TASK STATEMENT →
Copy out the lines of the records below, and only those lines, from the one with "大型觀音雕塑也有將菩薩譯為開" through the one with "This digital illustration", exactly as they appear.
[DATA EXTRACTS — start]
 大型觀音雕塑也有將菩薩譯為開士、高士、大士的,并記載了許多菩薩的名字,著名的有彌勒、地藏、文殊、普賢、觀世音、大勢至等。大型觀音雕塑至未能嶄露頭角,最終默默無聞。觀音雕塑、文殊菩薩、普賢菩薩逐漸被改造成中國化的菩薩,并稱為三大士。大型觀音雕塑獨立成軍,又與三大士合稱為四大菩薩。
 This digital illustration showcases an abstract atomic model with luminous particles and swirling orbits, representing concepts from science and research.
[DATA EXTRACTS — finish]
[DATA EXTRACTS — start]
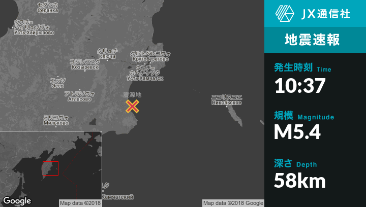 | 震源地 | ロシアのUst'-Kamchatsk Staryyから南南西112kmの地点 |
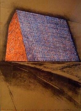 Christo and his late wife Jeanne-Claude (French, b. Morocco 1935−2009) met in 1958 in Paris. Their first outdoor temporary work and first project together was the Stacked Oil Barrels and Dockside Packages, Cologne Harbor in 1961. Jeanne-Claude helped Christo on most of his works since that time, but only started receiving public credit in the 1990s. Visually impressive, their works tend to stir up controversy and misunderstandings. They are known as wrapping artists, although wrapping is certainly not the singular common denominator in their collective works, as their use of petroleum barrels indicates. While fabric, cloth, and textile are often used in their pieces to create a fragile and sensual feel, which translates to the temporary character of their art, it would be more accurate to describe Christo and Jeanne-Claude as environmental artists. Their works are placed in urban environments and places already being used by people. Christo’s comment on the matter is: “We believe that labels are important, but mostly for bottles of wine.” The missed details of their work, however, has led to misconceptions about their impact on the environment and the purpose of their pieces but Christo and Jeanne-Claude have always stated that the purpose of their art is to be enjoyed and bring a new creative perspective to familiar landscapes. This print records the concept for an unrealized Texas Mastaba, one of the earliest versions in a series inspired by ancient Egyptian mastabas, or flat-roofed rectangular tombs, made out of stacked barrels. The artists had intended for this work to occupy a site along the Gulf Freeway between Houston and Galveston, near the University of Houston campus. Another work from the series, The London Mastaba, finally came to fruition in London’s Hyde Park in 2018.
[DATA EXTRACTS — finish]
[DATA EXTRACTS — start]
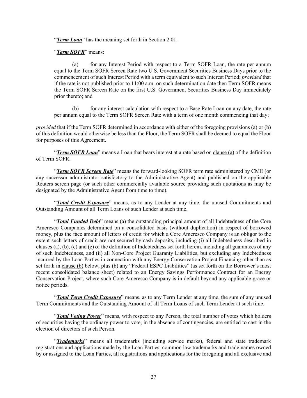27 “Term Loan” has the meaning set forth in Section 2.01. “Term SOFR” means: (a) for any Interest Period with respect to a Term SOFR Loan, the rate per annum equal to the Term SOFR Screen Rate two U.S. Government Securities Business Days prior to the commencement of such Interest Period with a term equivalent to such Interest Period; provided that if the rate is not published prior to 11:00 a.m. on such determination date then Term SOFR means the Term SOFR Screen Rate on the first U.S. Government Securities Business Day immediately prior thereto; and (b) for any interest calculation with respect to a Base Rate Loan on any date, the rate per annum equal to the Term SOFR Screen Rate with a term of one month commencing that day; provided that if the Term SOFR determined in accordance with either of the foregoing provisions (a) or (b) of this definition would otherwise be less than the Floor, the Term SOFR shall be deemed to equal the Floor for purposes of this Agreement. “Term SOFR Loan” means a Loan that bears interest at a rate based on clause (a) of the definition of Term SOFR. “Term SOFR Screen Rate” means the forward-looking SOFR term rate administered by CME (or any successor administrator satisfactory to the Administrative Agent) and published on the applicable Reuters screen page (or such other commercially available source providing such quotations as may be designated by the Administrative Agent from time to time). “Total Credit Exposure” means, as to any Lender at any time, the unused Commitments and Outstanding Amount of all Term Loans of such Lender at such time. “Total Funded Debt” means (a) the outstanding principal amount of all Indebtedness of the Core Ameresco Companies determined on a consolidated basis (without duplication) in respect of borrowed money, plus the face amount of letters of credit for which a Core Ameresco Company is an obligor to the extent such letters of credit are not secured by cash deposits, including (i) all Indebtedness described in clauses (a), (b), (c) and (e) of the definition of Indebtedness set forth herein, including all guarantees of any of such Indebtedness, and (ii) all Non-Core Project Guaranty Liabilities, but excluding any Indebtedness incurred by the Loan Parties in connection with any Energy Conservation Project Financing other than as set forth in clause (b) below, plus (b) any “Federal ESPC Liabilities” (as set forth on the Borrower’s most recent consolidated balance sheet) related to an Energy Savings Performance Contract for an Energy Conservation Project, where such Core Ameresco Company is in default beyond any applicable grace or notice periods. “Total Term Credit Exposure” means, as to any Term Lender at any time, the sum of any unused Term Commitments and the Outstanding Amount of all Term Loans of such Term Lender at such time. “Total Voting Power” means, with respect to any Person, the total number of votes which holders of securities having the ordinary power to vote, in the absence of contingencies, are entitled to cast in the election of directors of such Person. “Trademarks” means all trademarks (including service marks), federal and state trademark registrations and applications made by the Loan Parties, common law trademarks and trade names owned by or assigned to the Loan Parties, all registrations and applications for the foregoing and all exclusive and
[DATA EXTRACTS — finish]
ANSWER TO THE EXERCISE →
 大型觀音雕塑也有將菩薩譯為開士、高士、大士的,并記載了許多菩薩的名字,著名的有彌勒、地藏、文殊、普賢、觀世音、大勢至等。大型觀音雕塑至未能嶄露頭角,最終默默無聞。觀音雕塑、文殊菩薩、普賢菩薩逐漸被改造成中國化的菩薩,并稱為三大士。大型觀音雕塑獨立成軍,又與三大士合稱為四大菩薩。
 This digital illustration showcases an abstract atomic model with luminous particles and swirling orbits, representing concepts from science and research.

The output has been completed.